Lucy Ellmann may be an accomplished postmodern fiction writer, but her comments about how Alfred Hitchcock "tormented his leading ladies" (New York Times 12/19) repeats an erroneous slander.
Not that the famous director's behavior was always proper (he loved naughty jokes and foolish pranks). Nor can someone like me, familiar mainly with Patrick McGilligan's 850-page authoritative biography of Hitch and other sources, and having never known the subject, weigh in definitively on a complex topic.
Hitchcock was a loner, an observer of life, a reserved person with an image of himself as ugly. He feared women, as many men do, and often treated them with jokes to relax them or with hovering attention to bring out the feelings needed for their characters.
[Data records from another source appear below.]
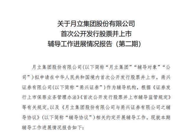 乐居财经 李兰4月8日,月立集团股份有限公司(以下简称“月立集团”)披露公司首次公开发行股票并上市辅导工作进展情况报告(第二期),辅导机构为甬兴证券有限公司。
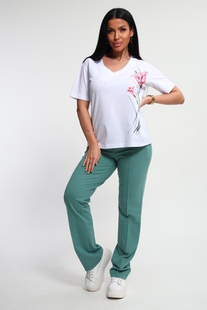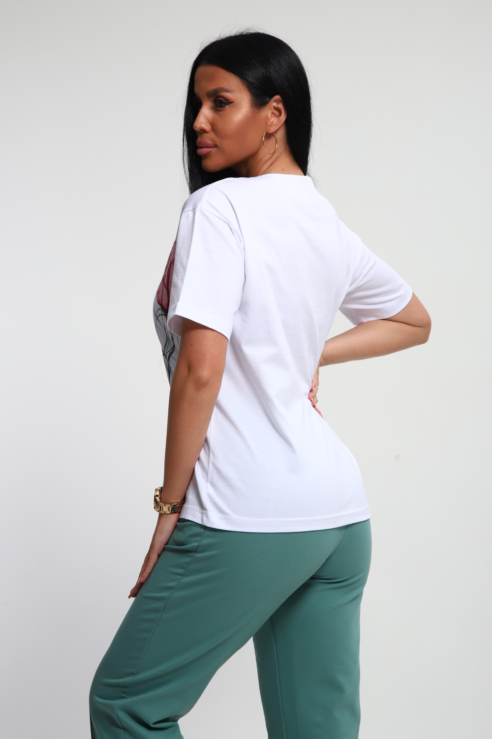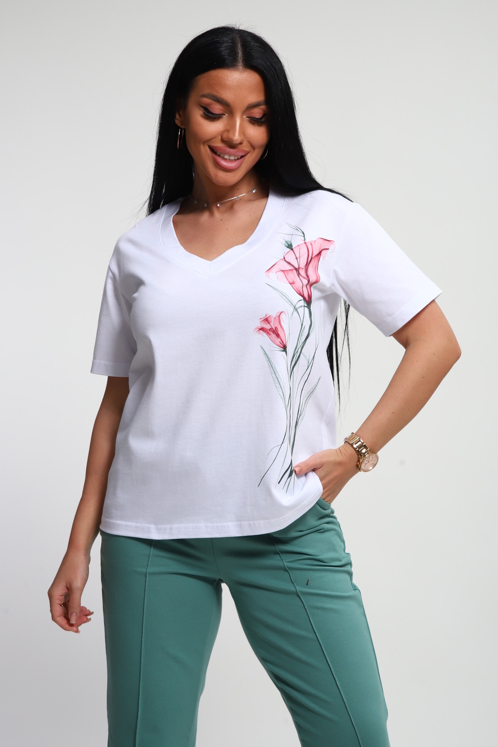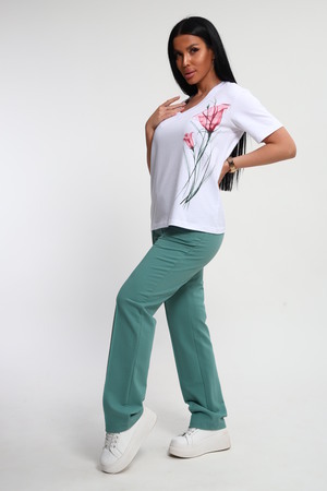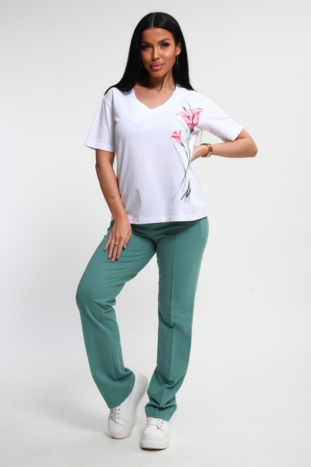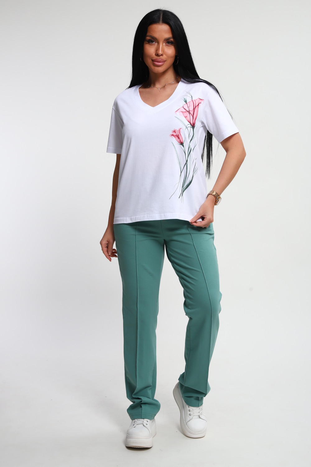Костюм женский – это стильный и идеальный предмет гардероба ,идеально подходящий для дома и отдыха на любой период :весенний ,осенний, летний и зимний . Комплект состоит из футболки с красочным принтом и брюки в контрастном цвете. В составе ткани 100% хлопок . Хлопковый материал очень комфортный и лёгкий в носке . Брюки с удобной посадкой придадут вашему образу стильный и модный вид . Базовый современный костюмчик – популярный повседневный выбор на каждый день : на работу , для прогулок , праздников и на дачу . Универсальный стиль позволит вам создавать разнообразные образы , подходящие для любого события.
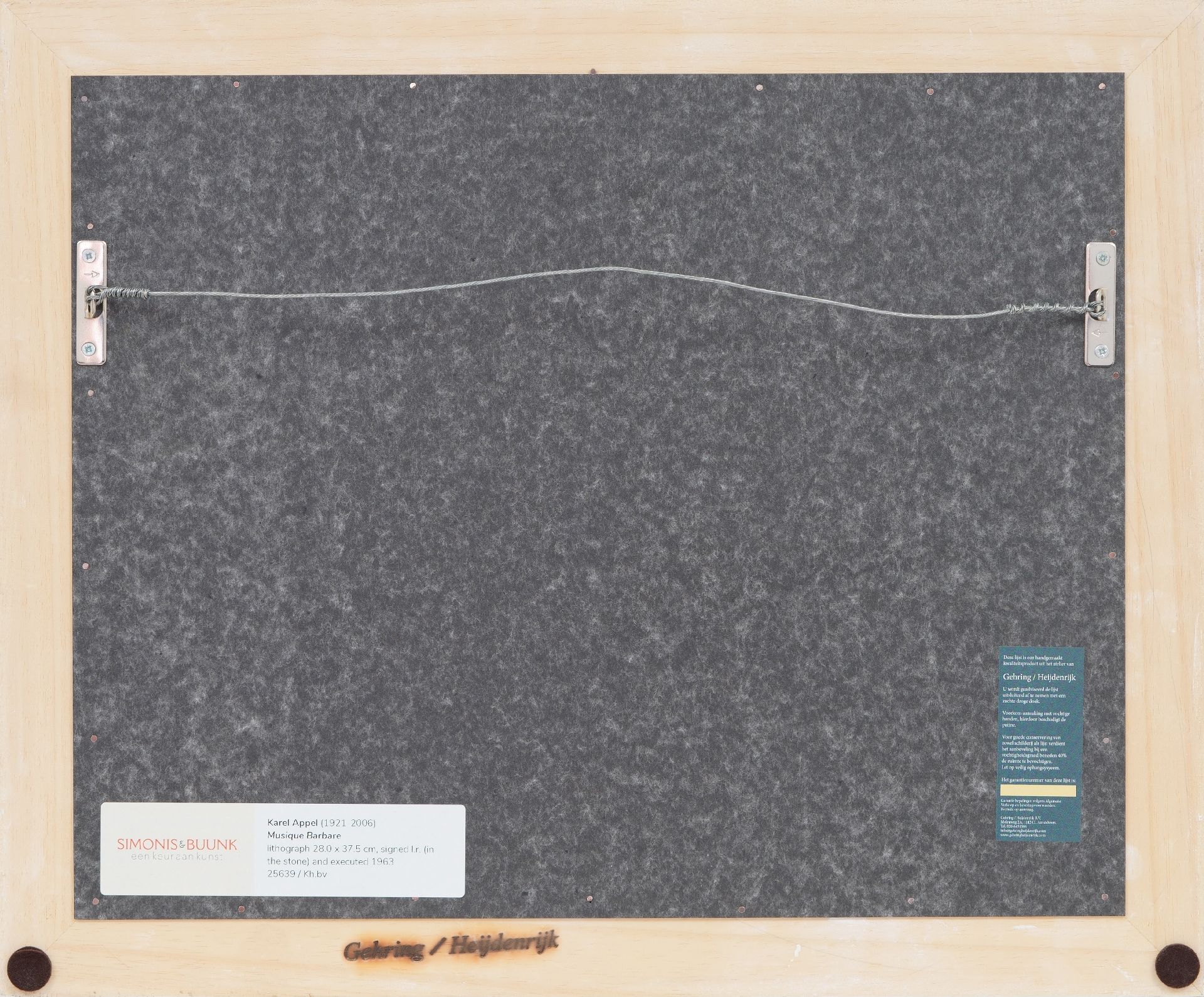 Karel Appel was één van de hoofdfiguren van de CoBrA-beweging (1948-1951). Zijn werk wordt gezien als representatief voor de idealen van deze groep naoorlogse schilders, die in hun werk uitdrukking gaven aan hun verzet tegen de traditionele schilderkunst met haar regels en taboes. In zijn CoBrA-tijd schilderde Appel fabeldieren en fantasiewezens. Na 1951 werd zijn schildertrant steeds heftiger, totdat lijn en kleurvlak samensmolten tot één turbulente, expressieve verfmassa. Deze litho van Appel maakte oorspronkelijk deel uit van een set, uitgegeven in 1963. Deze set bestond uit het boek Musique Barbare, met 25 foto’s van Karel Appel aan het werk in zijn atelier gemaakt door Ed van der Elsken en tekst van Jan Vrijman. Bij deze uitgave verscheen de speciaal door Karel Appel gemaakte kleurenlitho 'Musique Barbare' en een LP in een hoes van 4 pagina’s. De tekst hierop was ook van Jan Vrijman en de fotografie van Ed van der Elsken.
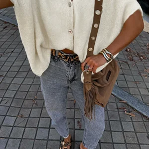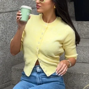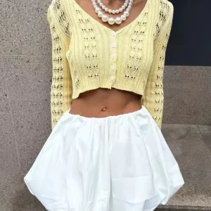 Women's New Fashionable Y2k Retro Knitted Cardigan Spring and Summer French Multi-button Wrap Top
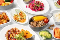 В меню класса «Бизнес», в зависимости от направления и времени вылета, пассажирам предложат: спринг-роллы с овощами и кисло-сладким соусом, винегрет и тортилью с хрустящими овощами, печеный баклажан с маринованным цукини, тыквой и перцем-гриль, с луковым соусом; постную лазанью из баклажанов; фрукты на десерт и другое.
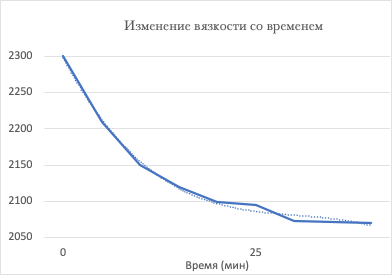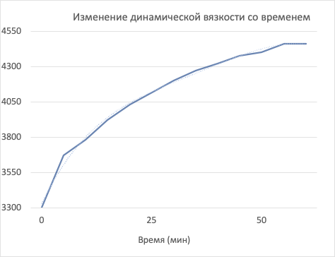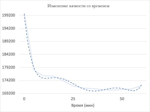 Через час измерений тренд на снижение показаний исчезает, значения стабилизируются. Однако далее вязкость начинает возрастать в следствие засыхания пасты на воздухе. Значение вязкости, предшествующее этому моменту, принимается за истинное.
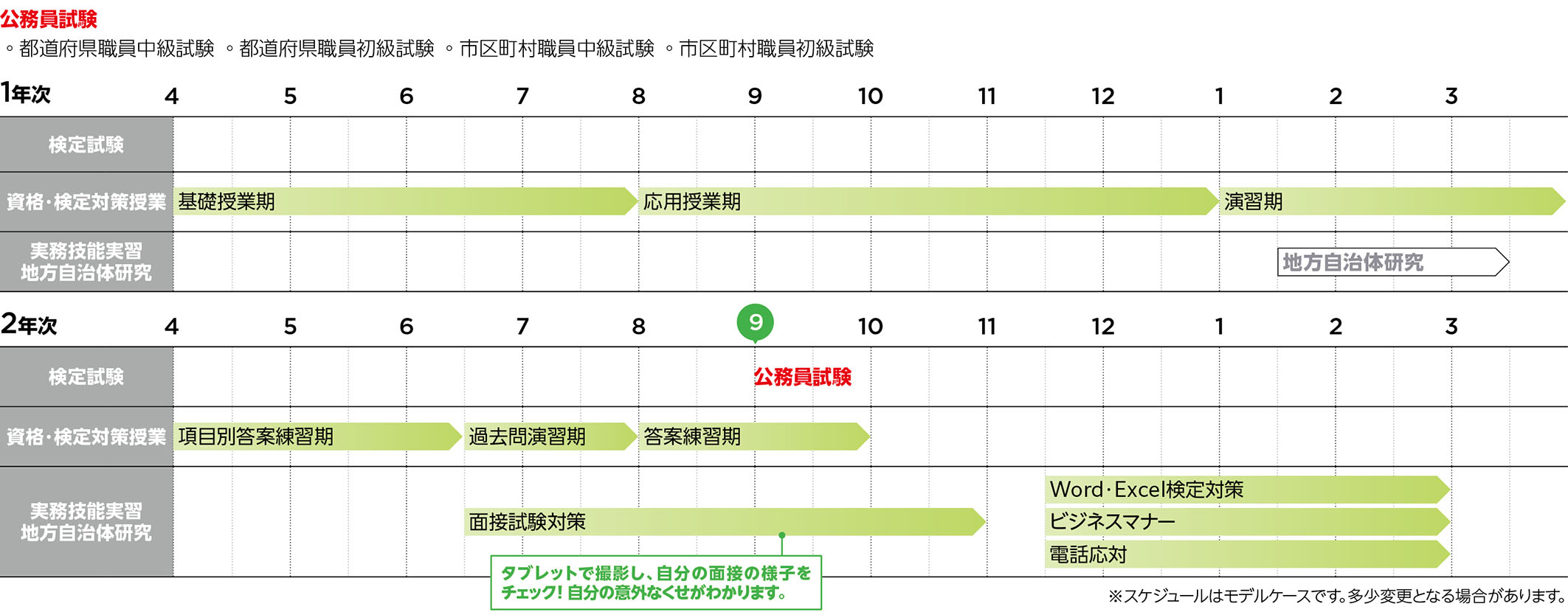 都道府県や市区町村職員、学校事務、警察事務など各自治体で地域の暮らしに貢献する地方公務員の高卒程度(初級)および専門・短大卒程度(中級)レベルまでを視野に入れ、合格をめざします。
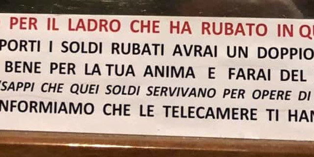Il testo: «Se riporti i soldi rubati avrai un doppio beneficio. Sarà un bene per la tua anima e farai del bene ad altri. Sappi che quei soldi servivano per opere di carità. Ti informiamo che le telecamere ti hanno visto bene!».
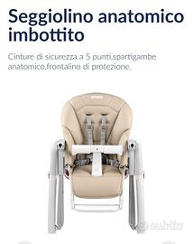 Seggiolone pappa che si trasforma in sdraietta, estremamente stabile e richiudibile. seduta in ecopelle morbida e facile da pulire
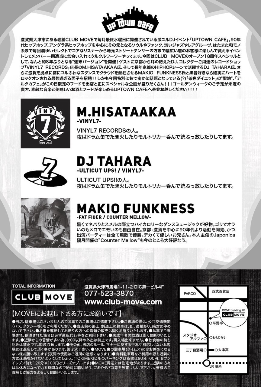 滋賀県大津市にある老舗CLUB MOVEで毎月最終水曜日に開催されている激ユルDJイベント「UPTOWN CAFE」。
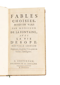 LA FONTAINE (Jean de). — Fables choisies, mises en vers […] avec la Vie d'Esope. — À Amsterdam, Aux Dépens de la Compagnie, 1730. — Petit in-12, veau, dos lisse orné à la grotesque, tranches dorées (reliure de l'époque).
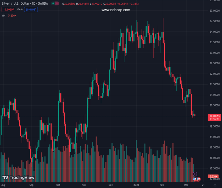 XAGUSD currently trading at 19.98 at the time of writing. Pair opened at 20.06 and is trading with a change of -0.40% % .
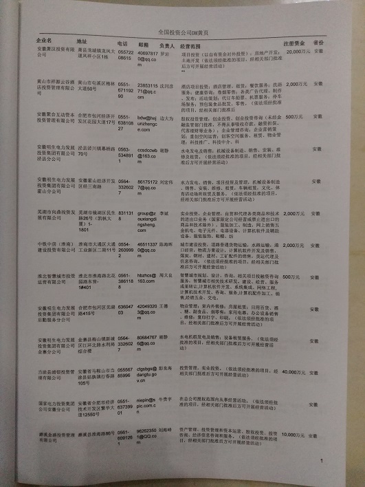 最新投資企業黃頁數據更新日期2024年12月最新,全國投資企業名單共330000條,都是具有一定規模的投資行業的注冊實體企業,數據準確率高,是您開展各項營銷活動的必備資料。企業名單包括:企業名稱、地址、電話(以上必有,以下選有)、傳真、郵箱、登記日期、經營范圍、注冊資金等信息。投資企業黃頁數據為Excel格式,信息可任意修改、復制、打印、導出及導入到傳真、郵件群發等軟件中,無任何限制。
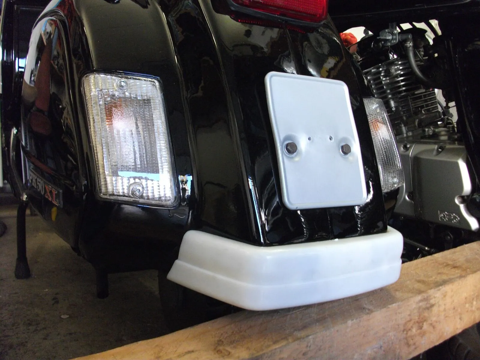 Habe vorhin den Spritzschutz zum lackieren abgegeben. Hoffe das er es mit dem lackieren bis morgen schafft. Nächste Woche kommen dann noch die Verchromten Felgen dazu, wenn ich sie bis nächste Woche bekommen sollte natürlich. Dann noch die Monobank drauf und feddich ist sie! -
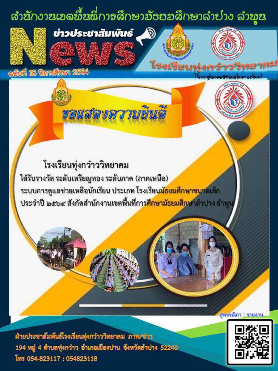 รางวัลระดับเหรียญทอง ภาคเหนือ ระบบการดูแลช่วยเหลือนักเรียนปีการศึกษา 2564
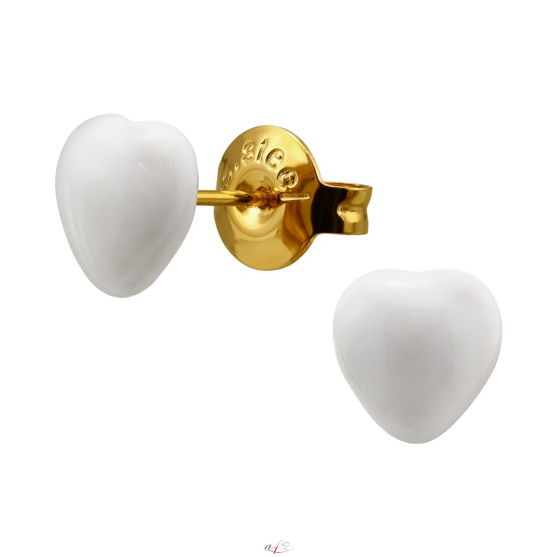 3D White Heart, Gold Plated, Ear Studs, 316L Surgical Grade Stainless Steel + Ip/pvd Gold Plated, Wholesale, Jewelry Eshop
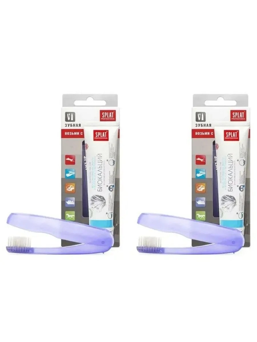 SPLAT PROFESSIONAL TRAVEL SET / BIOCALCIUM TOOTHPASTE 40ML + FOLDING TOOTHBRUSH / Brand SPLAT (Splat) is a leading developer and manufacturer of professional solutions in the oral care categories. SPLAT PROFESSIONAL TRAVEL SET BIOCALCIUM TOOTHPASTE 40ML + FOLDING TOOTHBRUSH - Cardboard packaging The travel set includes: a mini-package (40 ml) of SPLAT PROFESSIONAL BIOCALCIUM toothpaste and a folding toothbrush. Appearance and properties: Handle color and shape: different colors, rounded. Bristle color and hardness: white, medium Enamel restoration and safe whitening: Complex toothpaste with bioactive Calcis obtained from eggshells, and Hydroxyapatite - a building block of hard dental tissue. The paste is designed to restore enamel and reduce tooth sensitivity. Effect: The combination of hydroxyapatite and Calcis obtained from eggshells promotes enamel remineralization. Sodium bicarbonate normalizes the pH balance of the oral cavity and cares for gum health. The innovative Sp.White system safely whitens and polishes enamel to a shine. This travel toothbrush combines an attractive design and high ergonomics. It is easy to store: when folded, the bristles are covered by the lower part of the handle, which has ventilation holes. Thanks to this, the bristles do not get dirty or deformed in a bag or cosmetic bag. The bristles of the most popular travel brush are medium-hard with refined tips for the most effective and gentle cleaning of interdental spaces. Suitable even for sensitive teeth. Special features: Fluoride-free. Result: Clinically proven Proven: Remineralizing effect - 66.8%; Cleansing effect - 61.4%; Desensitizing effect - 55.4%; Whitening effect - 1.5 tones in four weeks according to the VITAPAN scale. Various color options, design ATTENTION!!! When ordering, it is not possible to choose a specific color. Before use, wash a new toothbrush in warm water with soap. You need to brush your teeth twice a day: morning and evening after

All that I've read about his relationship with Grace Kelly and Ingrid Bergman, both life-long friends, and knowing how Janet Leigh, Eva Marie Saint, and other actresses appreciated his direction, it seems that Hitch's method was often to treat an inexperienced actress (Kim Novak, Tippi Hedren, Joan Fontaine) with a kind of obsessive attention, intended to create anxiety or hysteria in their characters. Some took offense; Marlene Dietrich called him a "strange little man."
Grace Kelly, responding to the idea of Hitchcock as a tyrant with actors, wrote that the director was skillful in getting exactly what he wanted out them, often with humor; she recalled the confidence she felt as an actor because of his presence.
I thought of all this as I watched "Notorious" (1946) again, noticing how Hitch's camera perfectly captures the warm sensuality of Ingrid Bergman, especially in her relationship with the cool, aloof Cary Grant as a CIA agent. And I agree with the assessment of McGilligan that Hitchcock is not just a master of suspense but of ambivalent feelings. He knew exactly how to manipulate the viewer, using tension and humor. And romance. The Grant-Bergman relationship indicates how important the main characters' feelings are to the success of the film and how the trivial plot of Nazis in Argentina with a secret wine cellar means little in comparison with the emotional complexity of the lovers.
I've always admired the careful attention to detail that mark a Hitchcock movie. Everything was planned in advance, and he was in total control of the script, the camera, the lighting and costuming, even the publicity in many cases. He was the total artist who knew that Cary Grant could suggest sexual ambivalence, and Farley Granger in "Strangers on a Train" had a soft masculinity and vulnerability that make him an easy prey for the wiles of the "gay" Bruno.
These are two of my favorites in the Hitchcock canon. I can watch them, along with "Rear Window," over and over, as well as "Psycho." But I don't share the critical view that "Vertigo" is his greatest achievement: both the story and the acting of Kim Novak are implausible. And for sheer pleasure, there's "To Catch a Thief," with Grace and Cary on the Riviera in all their elegance, a reminder that romantic comedy, not violence, is Hitchcock's great forte.